In 2004 Leslie Ries and Thomas D. Sisk published a study in Ecology asking a simple and surprisingly unaddressed question: Considering the number of studies published describing habitat fragmentation and edge effects, why has the pattern and framework of these effects on ecosystems not been described? Ries and Sisk proposed a conceptual model in that paper that can account and predict, to some extent, the variability of an organism’s responses to different edges, usually indicated through an increase or decrease of abundance at the edge, or no change at all. The model is based on resources, predicting how organisms will be distributed across the edge between patches by the quality and quantity of resources available in the three zones (patch1 – edge – patch2).
There are three major explanatory factors for increased abundance at an edge: spillover/mass effects, the edge as an enhanced habitat and complementary resource distribution. Spillover is proximity based, where individuals will disperse into a non-habitat area across an edge. Abundance is increased at this edge because the edge habitat itself is more similar to the patch interiors. Edges can be enhanced habitats and display increased abundance when resources are unique to an edge or absent/rare in the adjacent patches. This particular factor can also start a chain of increased abundance, drawing predators to prey (i.e. particular seed <-- seed predator <-- bird of prey, though “resources” are not limited to food). A complementary resource distribution describes a situation where two patches have different, desirable resources, which makes living on the edge of the two patches advantageous: equal access to both.
Complementary resource distribution is well illustrated by the brown-headed cowbird. The cowbird is measured at greater abundances at particular edges for ease of access to two vital resources. It forages in pastures and meadows and parasitizes songbirds in forests, famously laying its eggs in other birds’ nests and sloughing the work of incubating and raising the cowbird’s chick on the unsuspecting songbird mother, whose chicks are often pushed out of the nest completely by the invader. It’s important to note, however, that some studies of these birds have not found strong evidence for the preference of pasture-forest edges, which complicates the evaluation of edge responses. (I’ll get back to this idea later in the post.)

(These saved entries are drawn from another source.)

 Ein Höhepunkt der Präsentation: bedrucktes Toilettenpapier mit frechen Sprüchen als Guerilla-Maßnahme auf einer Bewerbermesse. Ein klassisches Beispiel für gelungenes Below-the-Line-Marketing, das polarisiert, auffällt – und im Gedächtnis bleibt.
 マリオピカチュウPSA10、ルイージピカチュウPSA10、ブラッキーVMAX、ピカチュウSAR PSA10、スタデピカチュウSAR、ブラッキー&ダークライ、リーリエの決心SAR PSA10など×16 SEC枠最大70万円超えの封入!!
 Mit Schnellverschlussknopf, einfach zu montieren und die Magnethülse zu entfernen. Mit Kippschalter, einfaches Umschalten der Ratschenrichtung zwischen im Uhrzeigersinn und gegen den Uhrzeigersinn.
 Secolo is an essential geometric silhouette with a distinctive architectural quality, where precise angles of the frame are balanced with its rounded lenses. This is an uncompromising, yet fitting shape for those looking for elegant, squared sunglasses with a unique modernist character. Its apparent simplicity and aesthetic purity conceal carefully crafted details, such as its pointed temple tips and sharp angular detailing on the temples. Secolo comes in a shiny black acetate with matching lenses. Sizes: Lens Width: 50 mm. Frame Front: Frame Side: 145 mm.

Edge avoidance is a bit more straightforward. When a decreased abundance is observed at an edge, it’s typically because the edge has become hostile to the organism because of a reduction of a particular resource. But, as the authors explain, it’s important to realize that there will probably still be a dispersion of individuals across the edge. They don’t just stop at the theoretical boundary. In this case, there’s a gradient of organism-specific habitat quality that can be graphed across the edge, from high quality and high abundance to low quality and relatively low abundance.
Building on this framework, Ries and Sisk have published a paper in Oikos recently suggesting a more dynamic interpretation of how species respond to edges. Instead of using the terminology “edge-loving” or “edge-avoiding” to describe an organism’s response to an edge, they suggest using a kind of sensitivity spectrum for evaluation, trying to place response on a scale of insensitive to sensitive. Generally, sensitivity is determined by the consistency of response at an edge expected to generate a response. An edge sensitive species is one that displays a response at one or more edges. An edge insensitive species rarely or never responds.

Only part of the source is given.